And a final question arose in light of Lamentations.  Is there a relationship between the healing we long for and our honesty before God?  Does repentance have a role here? Martin Luther, in his first thesis reminded the church that when Jesus said repent “…he willed that the whole of Christian Life should be marked by repentance.”  We struggled a bit with this, noting that sometimes things happen to us because of our sin, but other times the cause of our suffering is beyond our control.  There is a certain segment of the church sends often sends messages that bad things happen because we are bad people worthy only of divine punishment by God.  Such messages can be as wounding as the original traumatic event itself. Sometimes houses burn down, family members die, natural disasters occur, and relationships end, most of which is beyond our control.   Pastor Kate reminded those gathered who had experienced the death of a family member or sexual violence that neither had anything to do with “fault.”  These events were not the result of our personal sins.  As a community we have an opportunity to surround the grieving with a loving buffer against those that would continue to wound the already devastated.  Recently, we have witnessed that locally when the community surrounded the Clouse family to protect them from the vitriol of the Westboro Baptist Church that threatened to picket the funeral of their seven children.

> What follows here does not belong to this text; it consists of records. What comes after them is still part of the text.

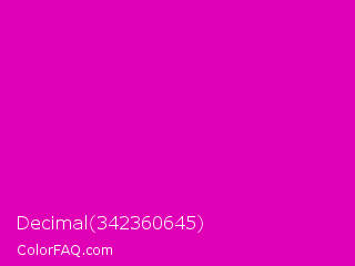 Decimal 342360645 Color is a normal magenta color and the nearest color is Hollywood Cerise #f400a1. Hex code #e000b5 and RGB value is rgb(224,0,181). In RGB color space, this color is composed of 88% red, 0% green, 71% blue, In CMYK color space, this color is composed of 0% cyan, 100% magenta, 19% yellow , 12% black , In HSL color space, this color has a hue angle of 312° , 100% saturation and 44% lightness.
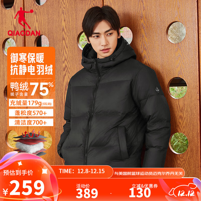 乔丹羽绒服男外套冬季保暖防寒防泼水连帽运动休闲夹克风衣 黑色 L 充绒量148g
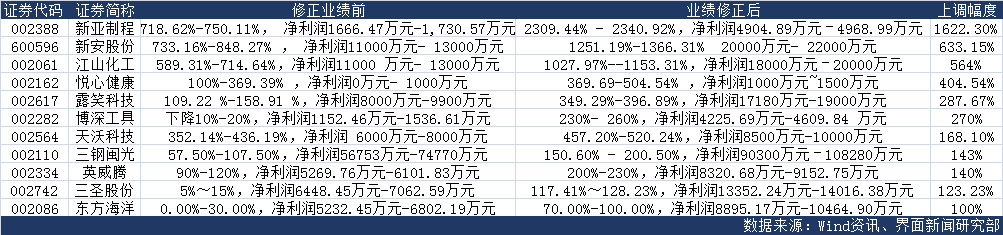 共有11家公司的上调幅度超过100%。其中新亚制程(002388.SZ)增幅超16倍,位列第一,新安股份(600596.SZ)以超过6倍的增幅紧随其后。
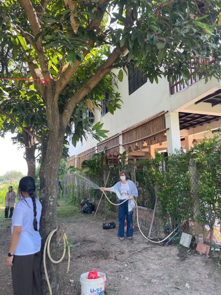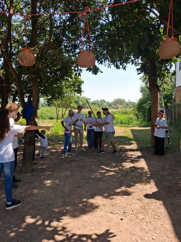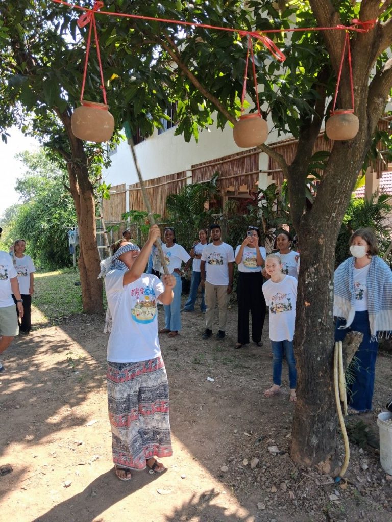 After the devotional we played traditional Khmer New Year games like Throw Seeds, Smash the Pot, and – a new one to me – Grab the Leaf (ដណ្តើមស្លឹកឈើ). It is bit like capture the flag but the tag game only starts after someone picks up the branch. So there are a lot of mindgames. As is normal for Khmer New Year baby powder and water were thrown with increasingly frequency as the day went on.
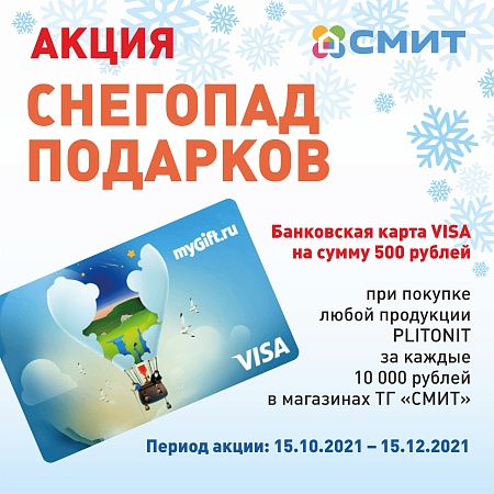 Получайте гарантированную банковскую карту MyGift VISA на сумму 500 рублей при покупке любой продукции PLITONIT на сумму 10 000 рублей;
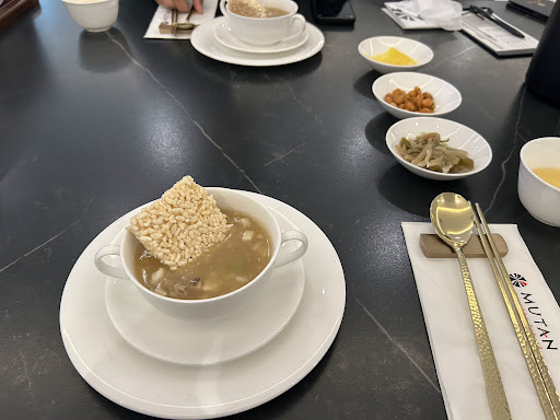Read moreThe soup, a comforting blend of savory broth with tender vegetables and tofu, is elevated by a crispy puffed rice topping, creating a delightful balance of textures. This dish is served at a refined restaurant known for its elegant ambiance and attentive service. The establishment offers a sophisticated dining experience, often featuring a variety of traditional and...

Can Lamentations and the question “Who can heal us?” shape our church community into the kind of church we want to become?  When there are others around us who feel unable to make the trip alone will we be there to bring them to the feet of Jesus to be healed?  Will we be their Aaron and Hur, holding up their arms for victory?  We need each other.  We cannot do it alone.  We are in this together.  Poet Maya Angelou puts it this way:

Lying, thinking
Last night
How to find my soul a home
Where water is not thirsty
And bread loaf is not stone
I came up with one thing
And I don’t believe I’m wrong
That nobody,
But nobody
Can make it out here alone.

Galatians 6:2 puts it another way, “Bear one another’s burdens, and so fulfill the law of Christ.” Thinking of this I turned to the person next to me and said, “I may not have lost a spouse or a child, but we are in this together.  I am here with you.”  She did not experience a sexual assault, but she was there with me.  There is a relationship between our longing to be healed and our living in community.  Thanks be to God!

Next week – There is Hope.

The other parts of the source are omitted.